I avoid using flash, for obvious reasons. If I am to provide lighting it is via a studio light box, which I may choose to use in some of my horse portraiture sessions.


Look for good lighting. Choose light, golden areas like a sand arena to reflect light back up on the horse and rider

Choose your backgrounds

I prefer to put some distance between the background and the horse. This is called depth-of-field. Avoid placing the horse right up against hedges or trees. If a tree is in the background, with a good depth-of-field, ensure there are no branches sticking out above the horse's head as you look through the lens. This can save a lot of post editing time afterwards! Look for areas that reflect light. For example, arena surfaces can play havoc with shots as dark rubber surfaces suck the life out of photos. Find light, golden surfaces that will reflect light up onto the horse and/or rider.


Get those ears forward

Ask someone to stand out of sight and make a noise while everyone else is quiet.

If the horse can’t see where the noise is coming from, he’ll use his ears to find it.

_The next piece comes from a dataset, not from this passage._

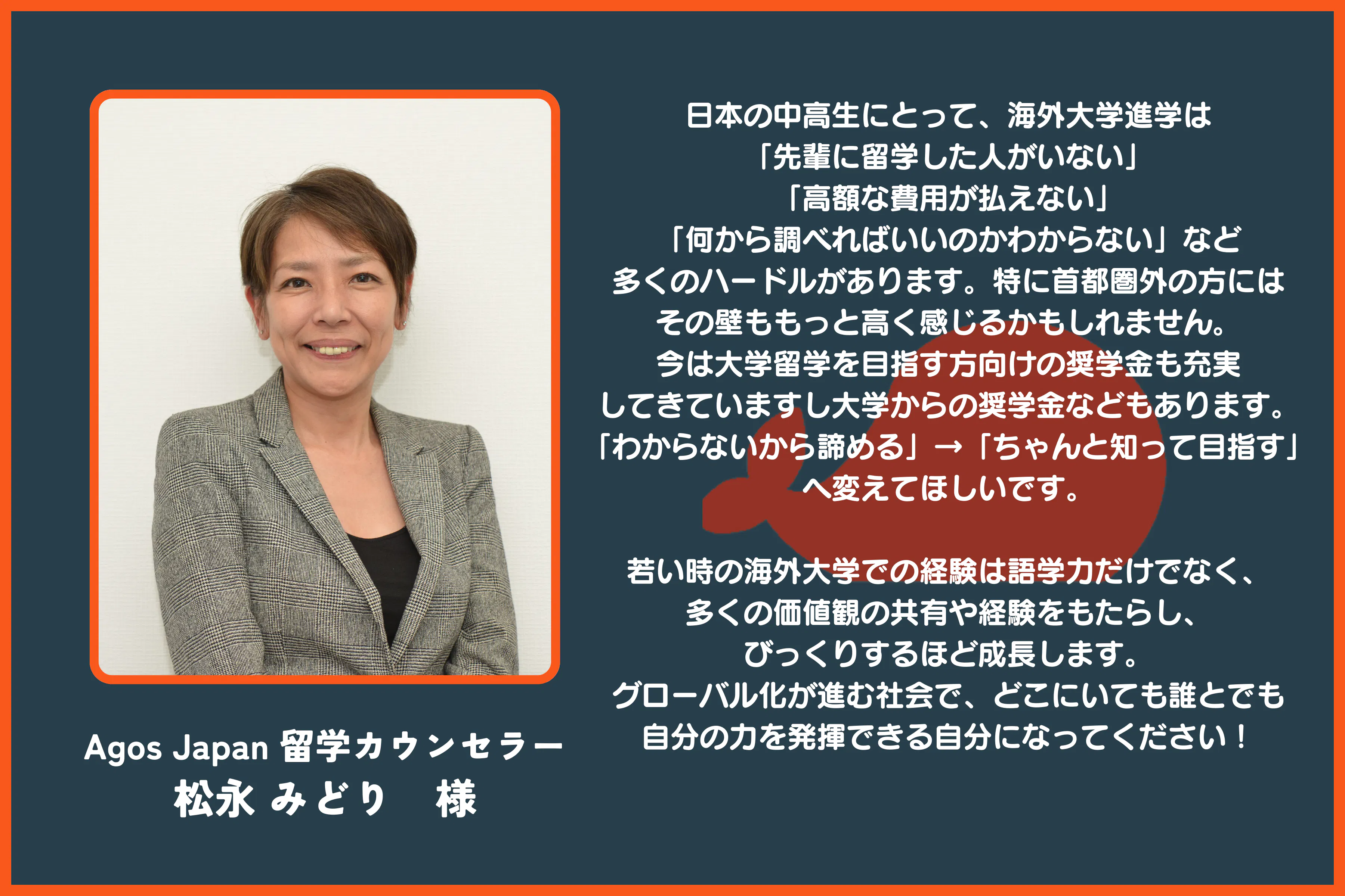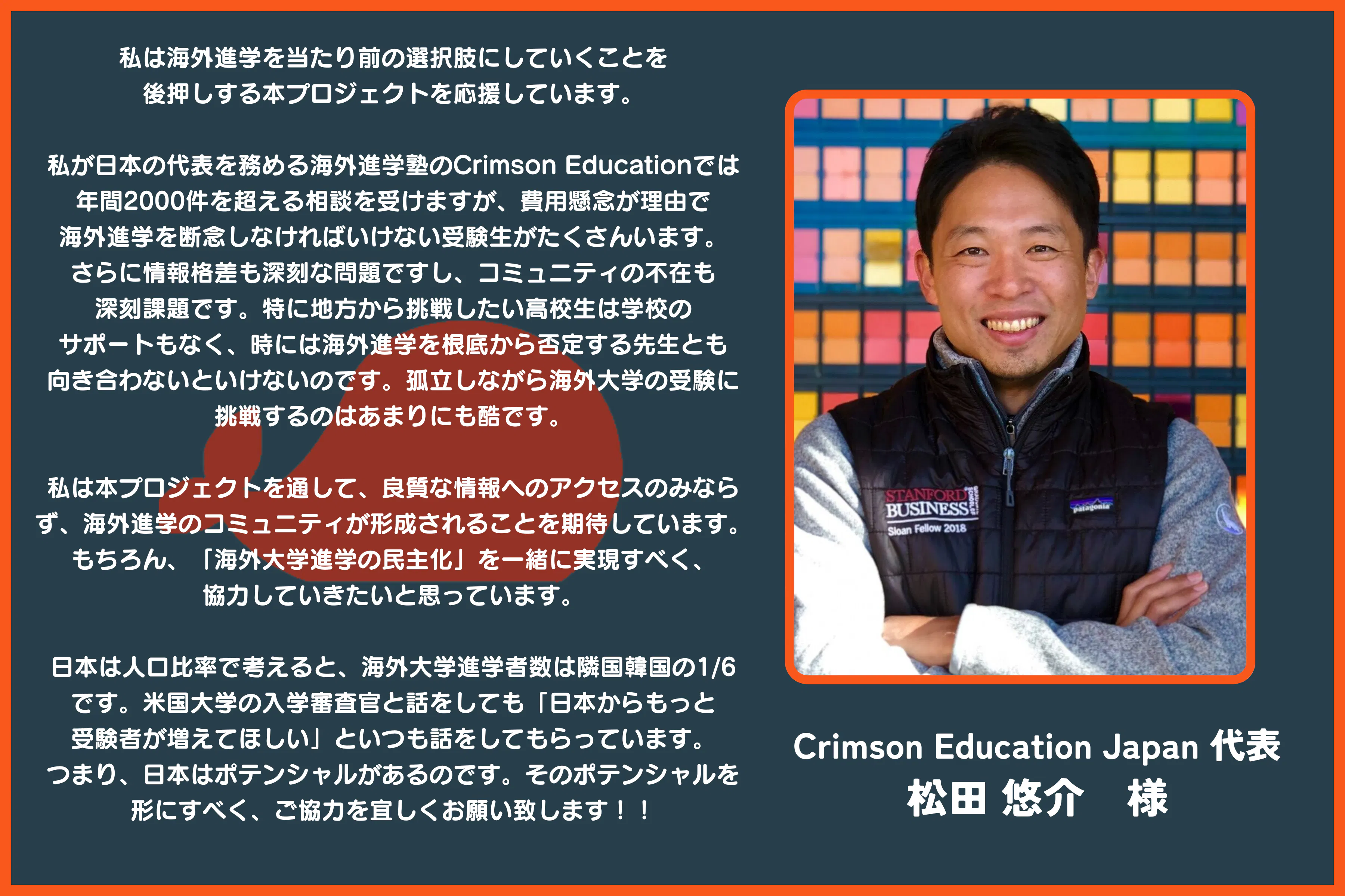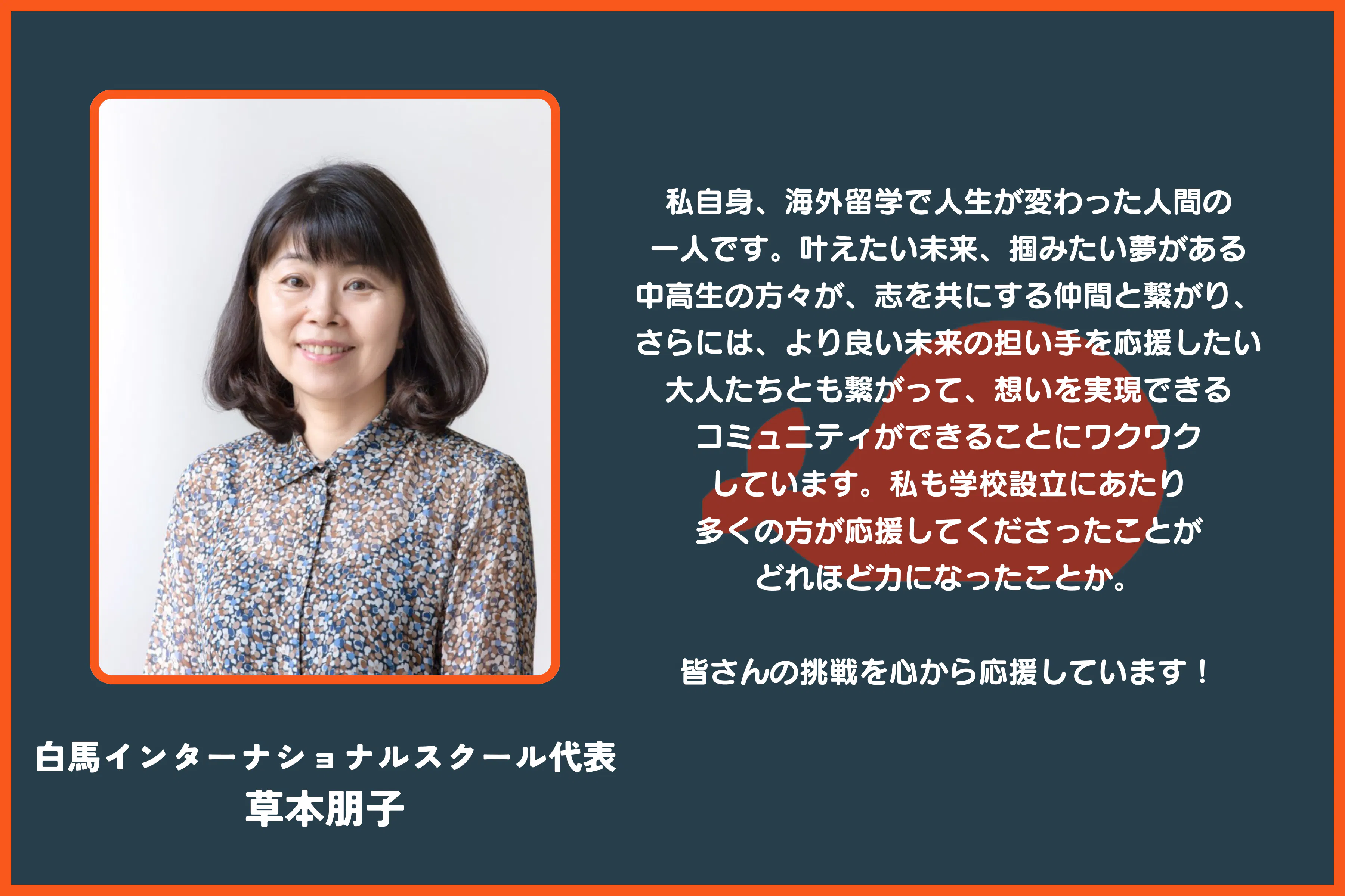 まだまだメジャーな選択肢ではない海外大学進学。時に反対を受けながらも、「学びへの強い想い」を持って進む中高生が最適な環境で学習し、その学びを日本や世界へ還元していく。このような社会を実現させるために、皆様のご協力、よろしくお願いいたします。

Be sure to send your sound maker in the direction you want the ears to point and take care not to startle the horse or upset him.

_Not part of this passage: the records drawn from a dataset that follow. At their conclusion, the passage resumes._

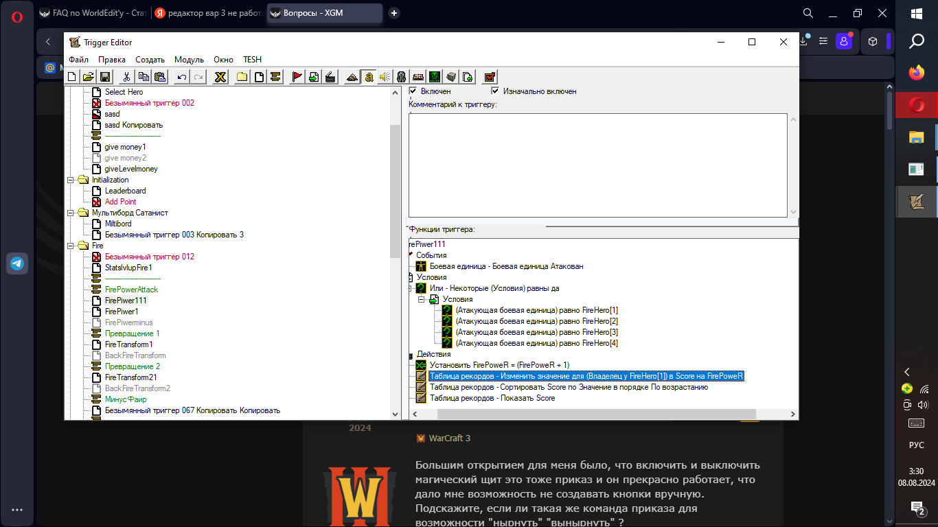 Проверяешь разных героев а устанавливаешь только для 1. А тебя точно есть 1 герой? Тестил что триггер этот запускается и условия проходят?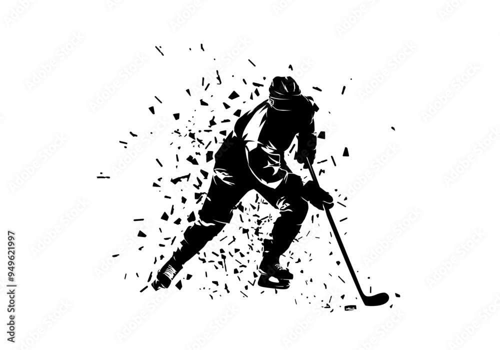 Fotografie Ice hockey, hockey player shooting puck, isolated vector silhouette with distort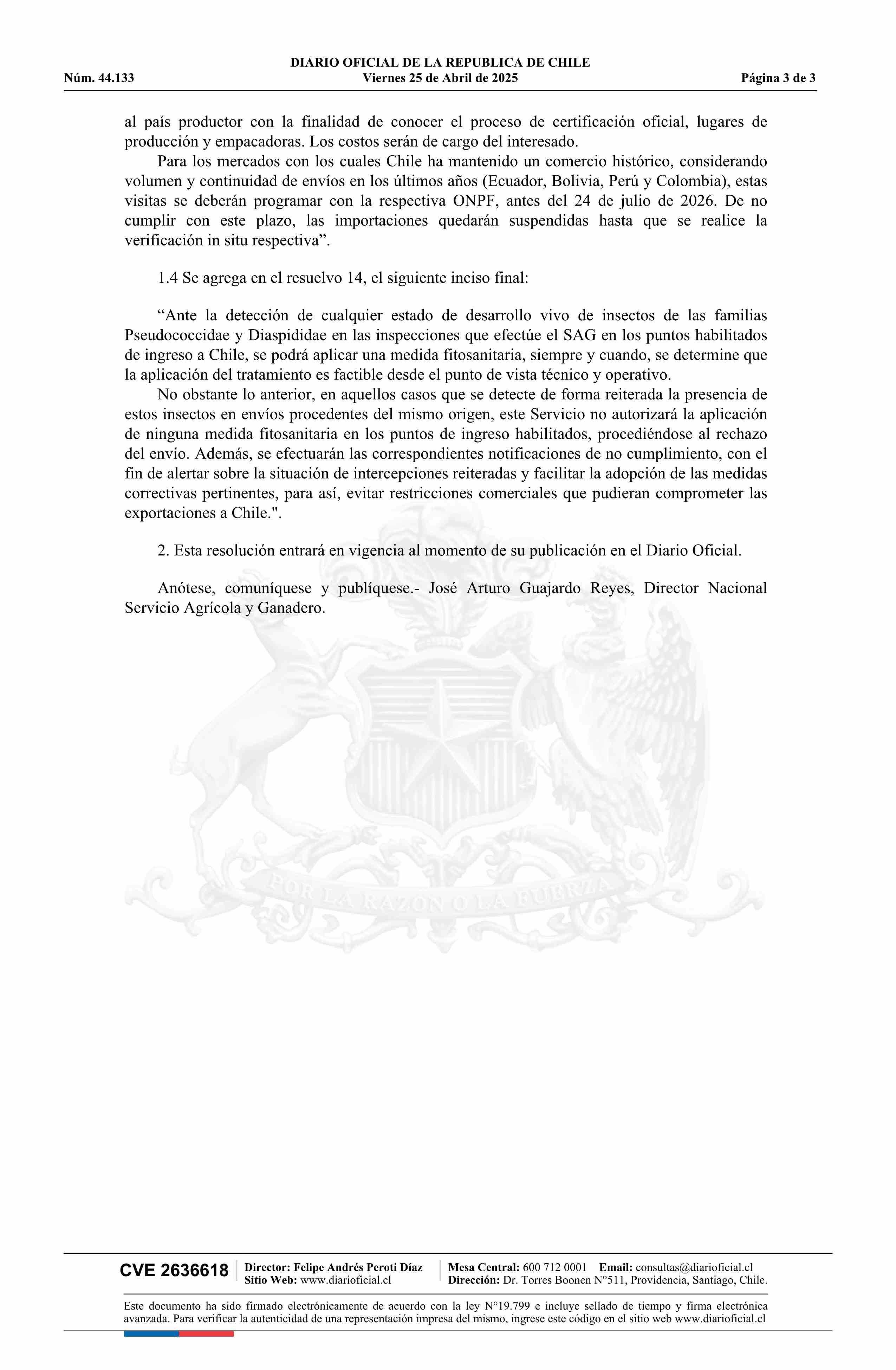 Resolución exenta número 2.700, de 2025.- Modifica resolución N° 146 exenta, de 2022, que establece requisitos fitosanitarios para la importación a Chile de frutos frescos de Plátano (Musa spp.) procedentes de todo origen

Photographing the perfect jump

I lock onto the horse's eye as I'm following her before she approaches the jump. This enables the sharpness and clarity of the shot. Knowing the precise moment to press the shutter button as the hooves rise over the jump comes with practice but your camera’s frame rate can help. The quicker its rate, the more frames it can shoot in a short period of time from which you'll have a range of varying jump shots to choose from. 


Preparing your models

If you're photographing for others, the amount of preparation is completely up to you (or the horse's owner).  If you are photographing different horse breeds, it's a good idea to research the breed type and their characteristics. I'd suggest to the owner they present the horse as they would do in preparation for a show or competition. For example, clean, clipped, hooves painted, make up and ensure any gear the horse will be wearing is clean and oiled also. For your human, suggest several outfit changes, emphasising they dress appropriately for the weather and season. I always recommend they have their hair and make-up professionally done, however it is important they feel the most comfortable in themselves.


Seize the moment

While the above guidelines are great, always be on the lookout for opportunities to express your creativity. If you see a beautiful shot, take it! It doesn't matter if the lighting, background or clothing isn't right. Often what can make a winning photo is the emotion displayed within it. And remember to have fun!


If you see a beautiful shot, take it! Go with your gut instincts. Some of my most treasured images have been when I felt the moment to be right, despite the conditions.